____ INPUT RECORDS
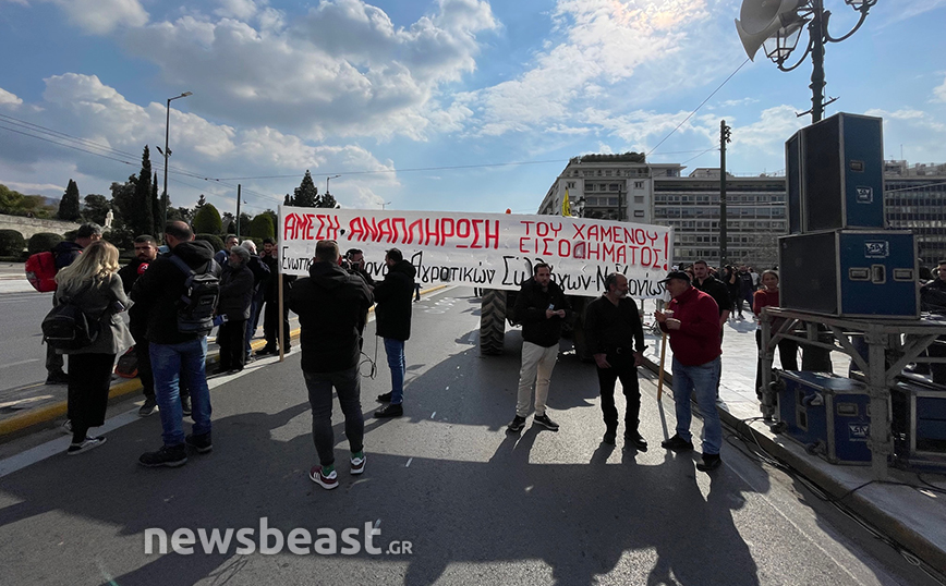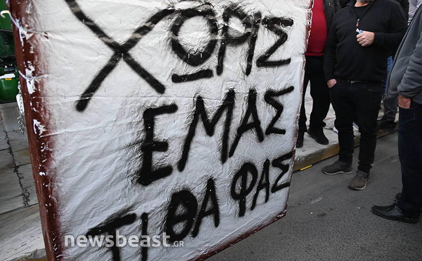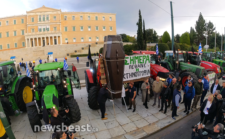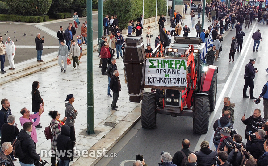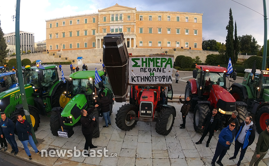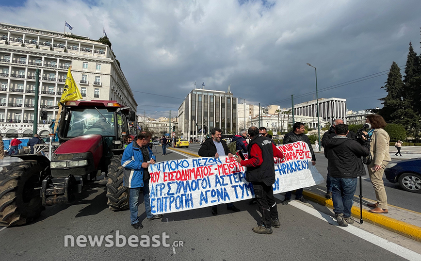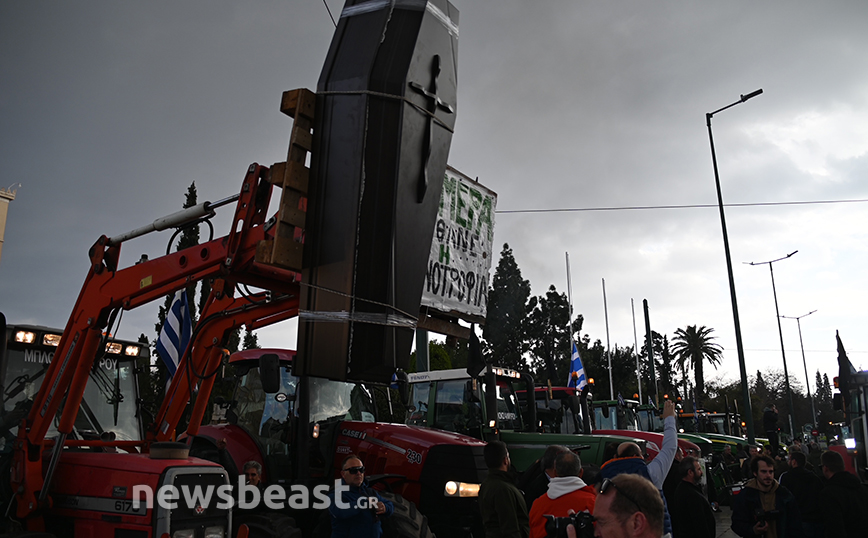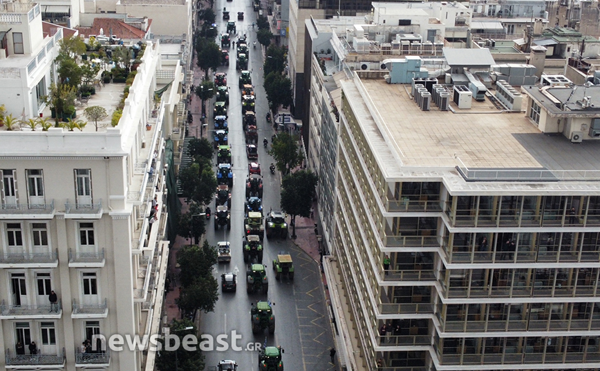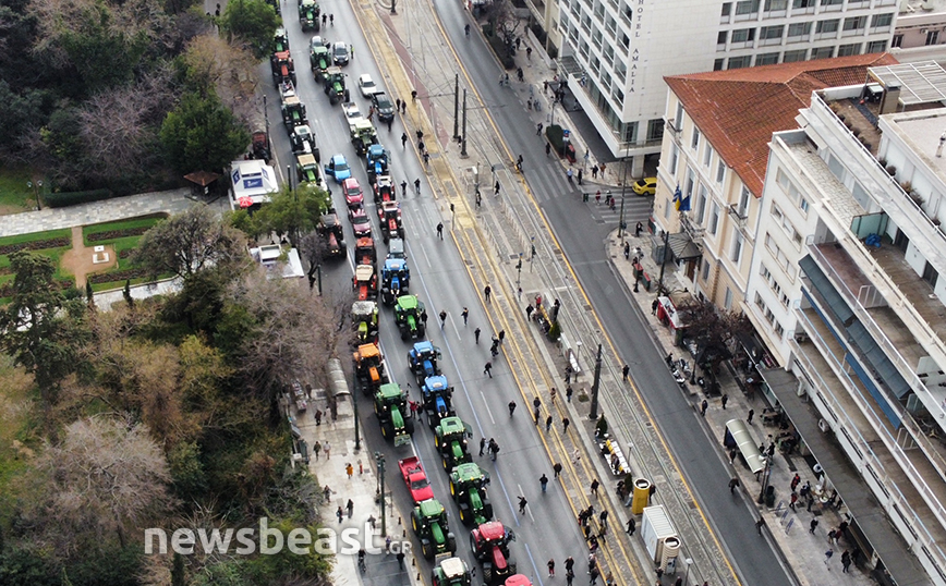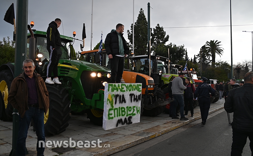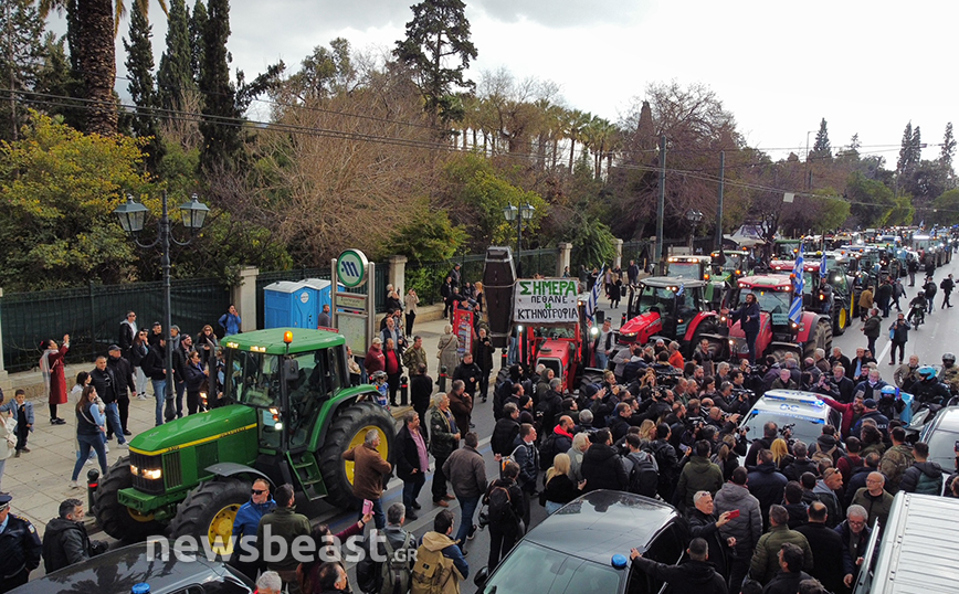 Μπροστά από το Κοινοβούλιο, η Λεωφόρος Βασιλίσσης Σοφίας είναι γεμάτη από τρακτέρ και επαγγελματικά οχήματα και ο κόσμος πολύς, αφού στους διαδηλωτές έχουν προστεθεί ομοσπονδίες, σωματεία και συνδικάτα εργαζομένων από δεκάδες τομείς, που βρίσκονται στο Σύνταγμα για να συμπαρασταθούν στους αγρότες, τους οποίους υποδέχτηκαν με το σύνθημα: «Εργατιά, αγροτιά ενωμένοι μια γροθιά».
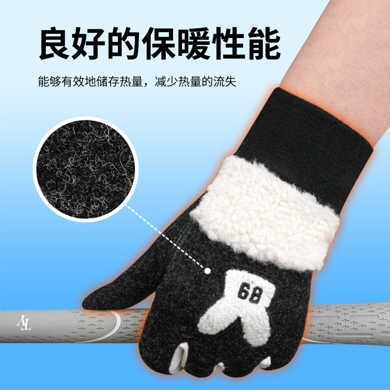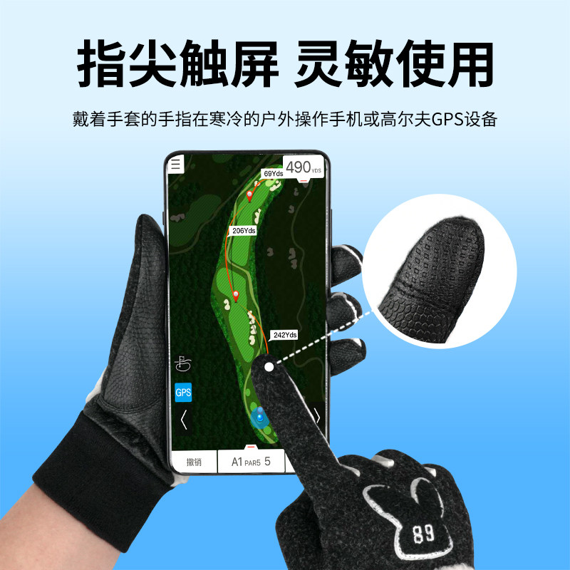高尔夫手套女士冬季保暖加绒手套户外运动防风骑行手套可触屏双手
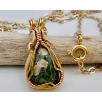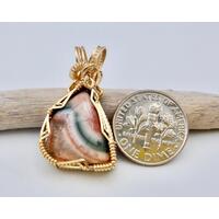 Luscious pink Thomsonite with white and salmon is beautifully wire wrapped in both pink and yellow gold fill wires. The effect is a vibrant setting for this treasured stone from North Shore Lake Superior, along the Minnesota coast area. Matching stud earrings are included in your purchase, making a delightful gift set.
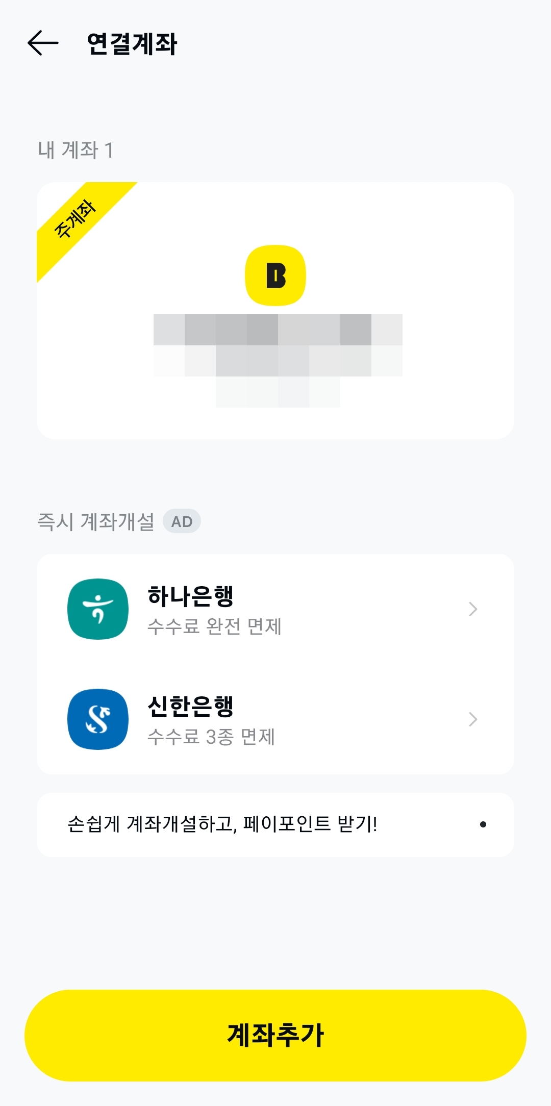 버튼을 누른 뒤에는 본인이 사용하는 은행을 선택하고 계좌번호를 입력하는 등 간단한 인증 절차를 거치면 바로 연결이 완료됩니다. 페이머니를 주로 사용한다면 아주 편리한 기능입니다.
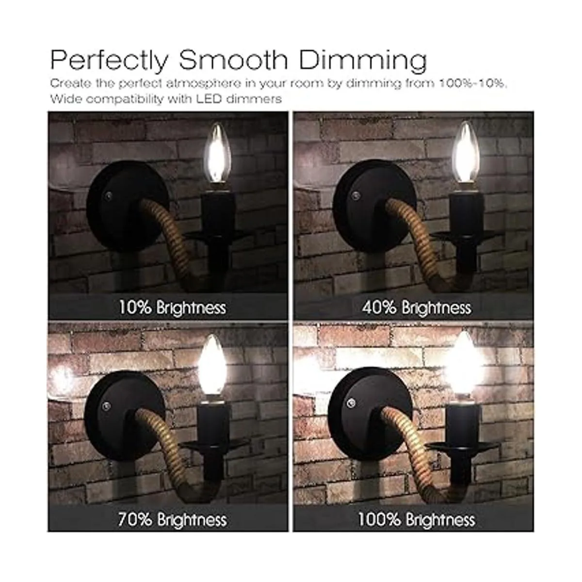 Mayor duración: nuestras bombillas LED de filamento de punta de llama están fabricadas con materiales de alta calidad y cumplen con todos los criterios eléctricos, con un enfoque en la longevidad y la sostenibilidad ambiental. 35.000 horas. o más de larga duración.
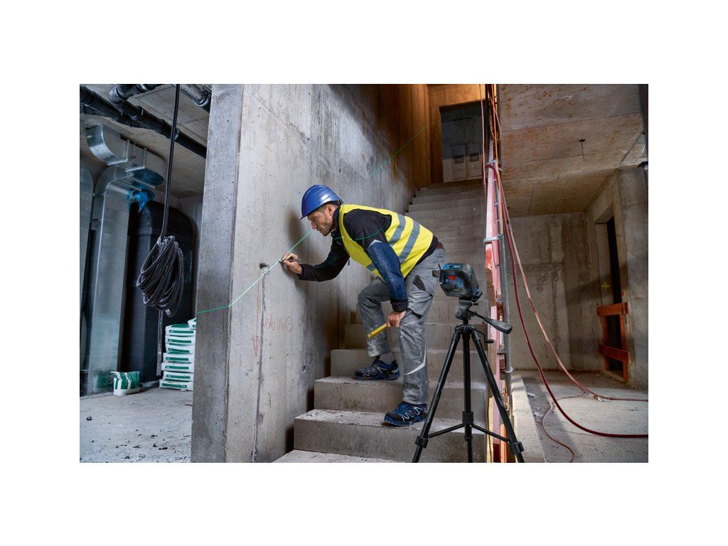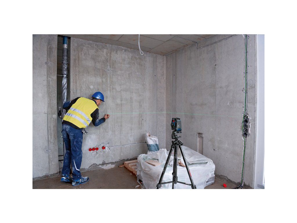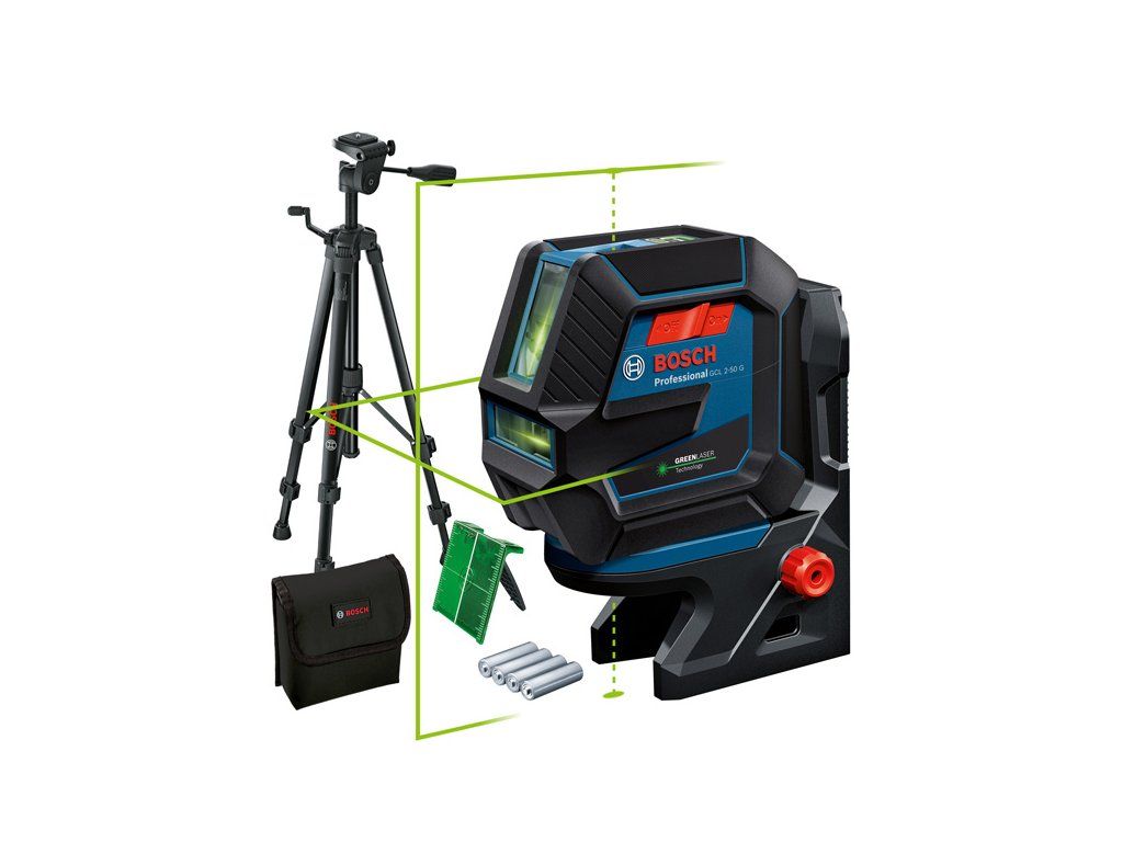 Kombinovaný laser GCL 2-50 G, Kombinovaný laser na staveniště GCL 2-50 G Professional usnadňuje zarovnávání a přenosy. Díky odolnému designu s pogumovaným krytem, který zajišťuje lepší ochranu zapuštěných skel, a stupni krytí IP 64 proti prachu a stříkající vodě je možné se stále soustředit na práci. Vypínač a jednotlačítková klávesnice usnadňují ovládání. Pro okamžitý začátek práce je u GCL stále aktivní režim příjmu laserového paprsku. Vysoce viditelné zelené laserové čáry a zelené kolmé body zaručují lepší viditelnost i v jasném prostředí. Rychlé a bezpečné upínání díky otočnému držáku RM 10 Professional s velmi silnými magnety. RM 10 Professional umožňuje přesné polohování laserových čar u kolmých bodů. Robustní GCL 2-50 G Professional je ideální na celou řadu aplikací, jako je montáž profilů na sádrokartonové stěny, montáž zásuvek a dveří a přenos bodů pro drobnější instalace. GCL 2-50 G Professional poskytuje dosah laserových čar až do 15 m (kolmé body: až do 10 m), který lze za pomoci volitelného přijímače LR 7 Professional prodloužit až na 50 m. RM 10 Professional je kompatibilní s volitelnou svorkou na strop DK 10 Professional pro použití na stropě či jemné seřizování výšky. Stavební stativ BT 150 Professional (0 601 096 B00); Otočný držák RM 10 Professional (0 601 092 A00); Cílová destička laseru; Taška; 4× baterie 1,5 V LR6 (AA)Doplňkové parametry
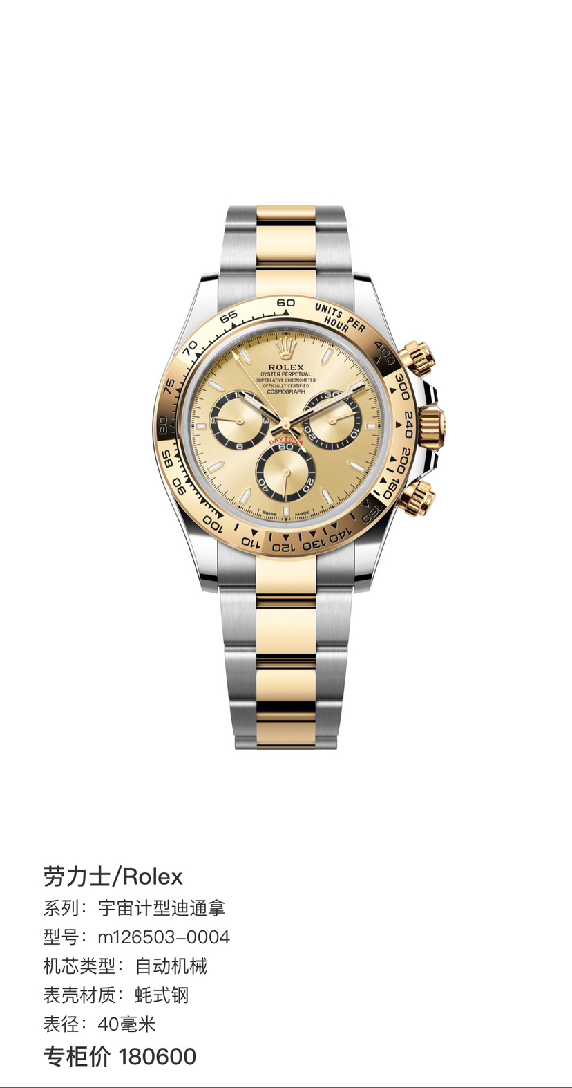 劳力士宇宙计型迪通拿 香槟间金迪 M126503-0004自动机械男性
________
WHAT IS EXPECTED:
Could the data above be reproduced exactly, with the pictures left out?

COMPLETED TASK:
 Μπροστά από το Κοινοβούλιο, η Λεωφόρος Βασιλίσσης Σοφίας είναι γεμάτη από τρακτέρ και επαγγελματικά οχήματα και ο κόσμος πολύς, αφού στους διαδηλωτές έχουν προστεθεί ομοσπονδίες, σωματεία και συνδικάτα εργαζομένων από δεκάδες τομείς, που βρίσκονται στο Σύνταγμα για να συμπαρασταθούν στους αγρότες, τους οποίους υποδέχτηκαν με το σύνθημα: «Εργατιά, αγροτιά ενωμένοι μια γροθιά».
高尔夫手套女士冬季保暖加绒手套户外运动防风骑行手套可触屏双手
 Luscious pink Thomsonite with white and salmon is beautifully wire wrapped in both pink and yellow gold fill wires. The effect is a vibrant setting for this treasured stone from North Shore Lake Superior, along the Minnesota coast area. Matching stud earrings are included in your purchase, making a delightful gift set.
 버튼을 누른 뒤에는 본인이 사용하는 은행을 선택하고 계좌번호를 입력하는 등 간단한 인증 절차를 거치면 바로 연결이 완료됩니다. 페이머니를 주로 사용한다면 아주 편리한 기능입니다.
 Mayor duración: nuestras bombillas LED de filamento de punta de llama están fabricadas con materiales de alta calidad y cumplen con todos los criterios eléctricos, con un enfoque en la longevidad y la sostenibilidad ambiental. 35.000 horas. o más de larga duración.
 Kombinovaný laser GCL 2-50 G, Kombinovaný laser na staveniště GCL 2-50 G Professional usnadňuje zarovnávání a přenosy. Díky odolnému designu s pogumovaným krytem, který zajišťuje lepší ochranu zapuštěných skel, a stupni krytí IP 64 proti prachu a stříkající vodě je možné se stále soustředit na práci. Vypínač a jednotlačítková klávesnice usnadňují ovládání. Pro okamžitý začátek práce je u GCL stále aktivní režim příjmu laserového paprsku. Vysoce viditelné zelené laserové čáry a zelené kolmé body zaručují lepší viditelnost i v jasném prostředí. Rychlé a bezpečné upínání díky otočnému držáku RM 10 Professional s velmi silnými magnety. RM 10 Professional umožňuje přesné polohování laserových čar u kolmých bodů. Robustní GCL 2-50 G Professional je ideální na celou řadu aplikací, jako je montáž profilů na sádrokartonové stěny, montáž zásuvek a dveří a přenos bodů pro drobnější instalace. GCL 2-50 G Professional poskytuje dosah laserových čar až do 15 m (kolmé body: až do 10 m), který lze za pomoci volitelného přijímače LR 7 Professional prodloužit až na 50 m. RM 10 Professional je kompatibilní s volitelnou svorkou na strop DK 10 Professional pro použití na stropě či jemné seřizování výšky. Stavební stativ BT 150 Professional (0 601 096 B00); Otočný držák RM 10 Professional (0 601 092 A00); Cílová destička laseru; Taška; 4× baterie 1,5 V LR6 (AA)Doplňkové parametry
 劳力士宇宙计型迪通拿 香槟间金迪 M126503-0004自动机械男性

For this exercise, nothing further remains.